Она продолжила меня рассматривать долгим взглядом, как мумию в стеклянном футляре, а затем сказала:
– Что ж, Бог наградил вас исключительной внешностью, Дамира, поздравляю! Пора поблагодарить его за это! – и жестом указала на церковь.
– Вы предлагаете помолиться? – удивилась я.
– А что ещё делают в храмах? – одарила меня лукавой улыбкой мадам Беттарид и поманила за собой.
«Некоторые улыбки дёшево стоят, но дорого обходятся», – подумала я и не ответила ей тем же.
Съёмочная группа совершала странные телодвижения по обе стороны от церковной башни, что-то живо обсуждая и настраивая подъёмники. В последний момент перед тем, как войти в заброшенное здание, за тяжёлой, едва поддавшейся дверью, я обернулась, чувствуя неподвластный мне страх. Весёлая Арина помахала рукой, будто отправляла нас на Колесо Обозрения.
Я параноик.
Оббитая деревом высокая дверь гулко закрылась. Моего тела даже сквозь платье и шёлковый плащ коснулась средневековая прохлада и глубокая тишина, присущая только старым зданиям с внушительными стенами. Никто из киношников за нами не пошёл, их суета, шумная речь, лязг, клацание оборудования, организационная суета, а также Арина в кудряшках, звуки жизни остались в другом мире… Здесь, в узком предбаннике, привычном для католических храмов, остались только мы с мадам Беттарид. С ней было не уютно. Я протянула руку, чтобы скорее толкнуть следующую дверь.
– Подождите, Дамира, – вполголоса сказала мадам Беттарид.
Я обернулась.
– Какие у вас тонкие запястья!
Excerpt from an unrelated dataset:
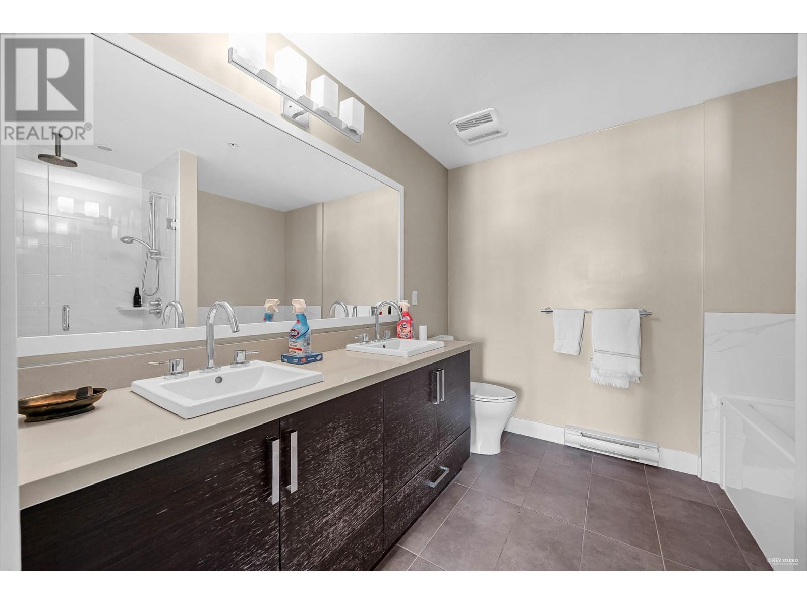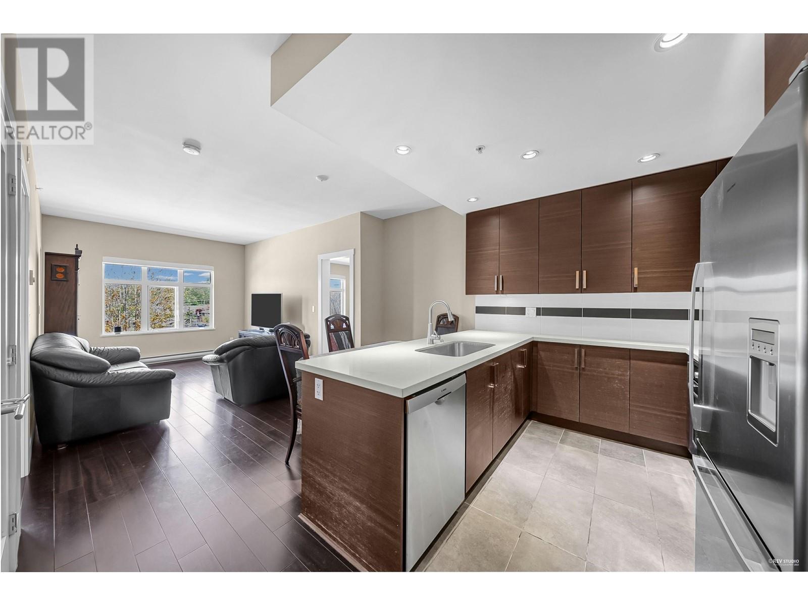 Welcome to the Altezza-this rarely offered 2-bedroom, 2-bathroom suite boasts a spacious, efficient layout with no wasted space, 9-foot ceilings, and stunning North Shore mountain views. The modern kitchen features sleek stainless steel appliances, quartz countertops, and a gas cooktop, while the spa-inspired bathroom includes a double-sink vanity and a relaxing soaker tub. Additional highlights include in-suite laundry, secure underground parking, a storage locker, and access to a large common-area terrace and party room-perfect for entertaining. Ideally located just steps from coffee shops, restaurants, public transit, the Eileen Daily Rec Centre, and more. Pet- and rental-friendly, this home includes one secured parking stall, one storage locker, and visitor parking. (id:48970) Show More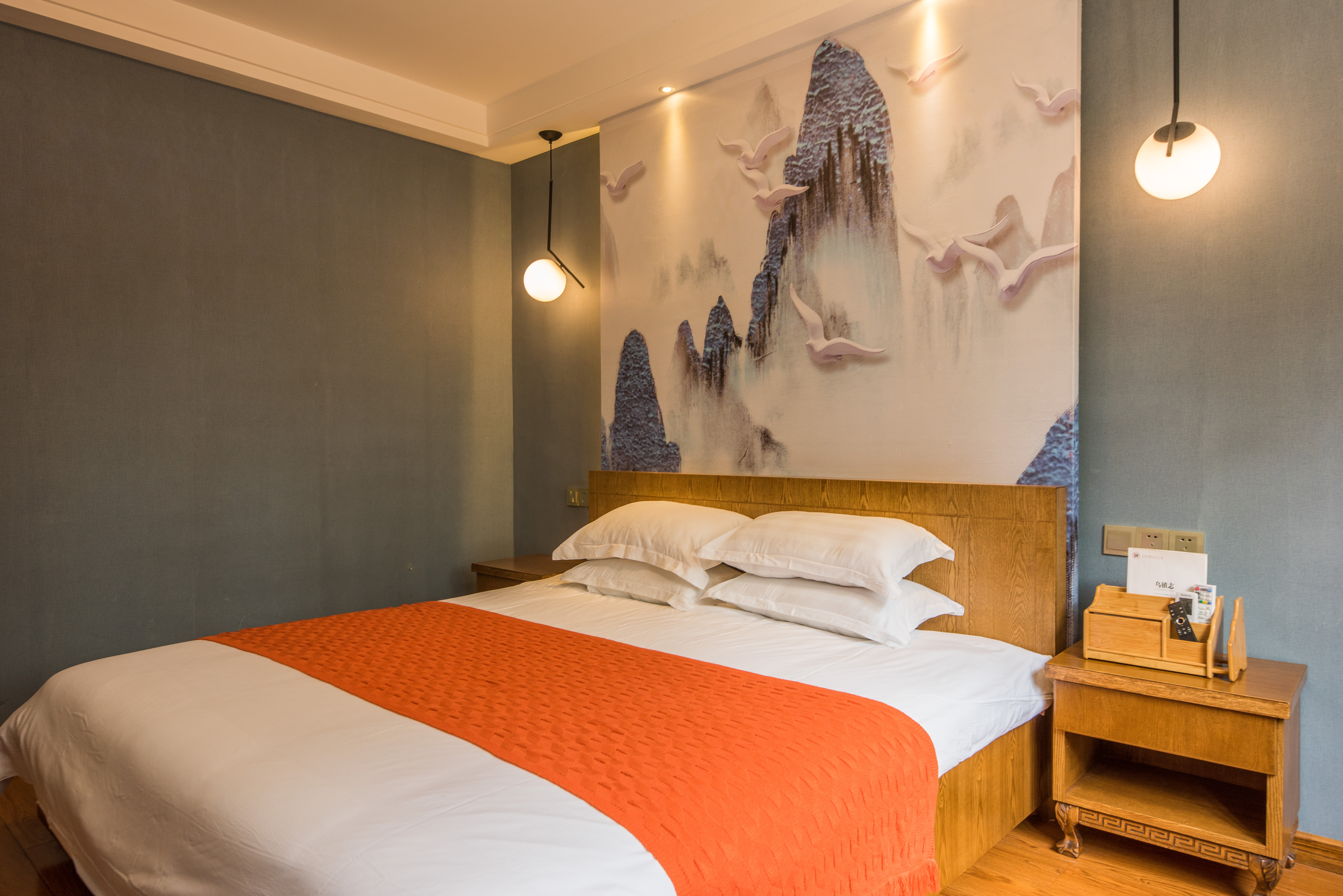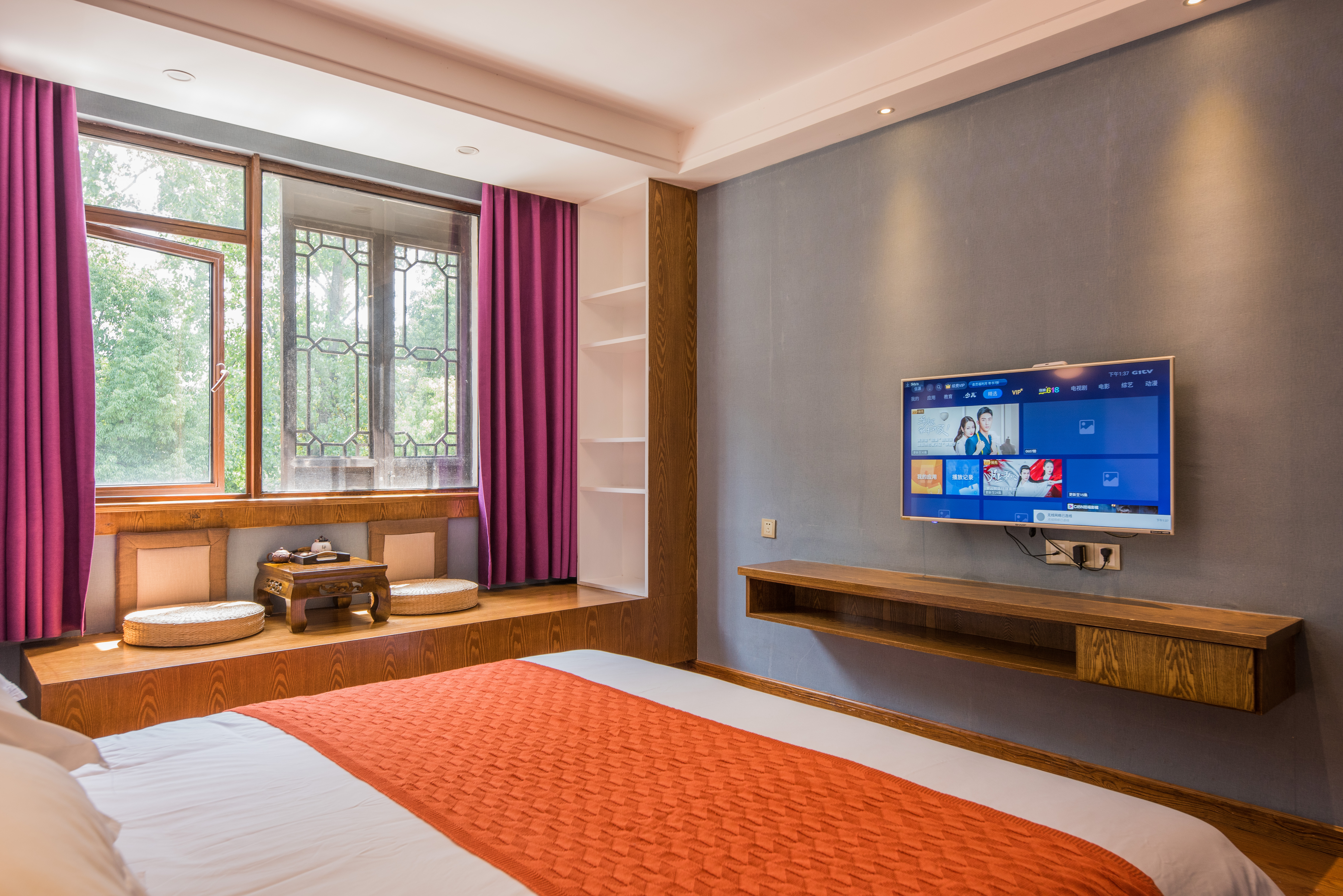 Purely Song Ya Double Bed Room With Tea Table Rest Area, Deep Sleep Quality, And Jiangnan Water Town Ambiance

Наденьте это.
На ладони мадам Беттарид лежали причудливые украшения, и моё сердце снова дрогнуло – нельзя было не узнать растиражированные на изображениях в Интернете сокровища из гробницы Тутанхамона – массивные золотые браслеты с гигантскими синими скарабеями, сидящими сверху. У них были настолько тщательно вылиты ювелиром золотые лапки, усики и даже перепонки крыльев, что казалось, жуки могут пошевелиться и улететь. Я поразилась, что вижу так близко ту самую искусную окантовку по краям с чёрными, синими, зелёными и оранжевыми полудрагоценными камнями, перемежающимися с золотыми пластинами. Три крупных сердолика в виде бутонов по краям, выступали контрастно на синей керамике; распускались еканные цветы.
– Настоящие?! – ахнула я, замирая.
– Тшш… Разве это возможно? – Холёный палец к губам и улыбка политика в ответ. – Надевайте. И кольца тоже.
«Каирский музей, Египет», – мелькнула в голове надпись. Я сглотнула, вспомнив, что в гробнице Тутанхамона такие браслеты были детскими, хотя я и умные часы купила для подростков – обычные с меня спадали. Я перевела взгляд и только сейчас заметила другие аксессуары из серебра и золота.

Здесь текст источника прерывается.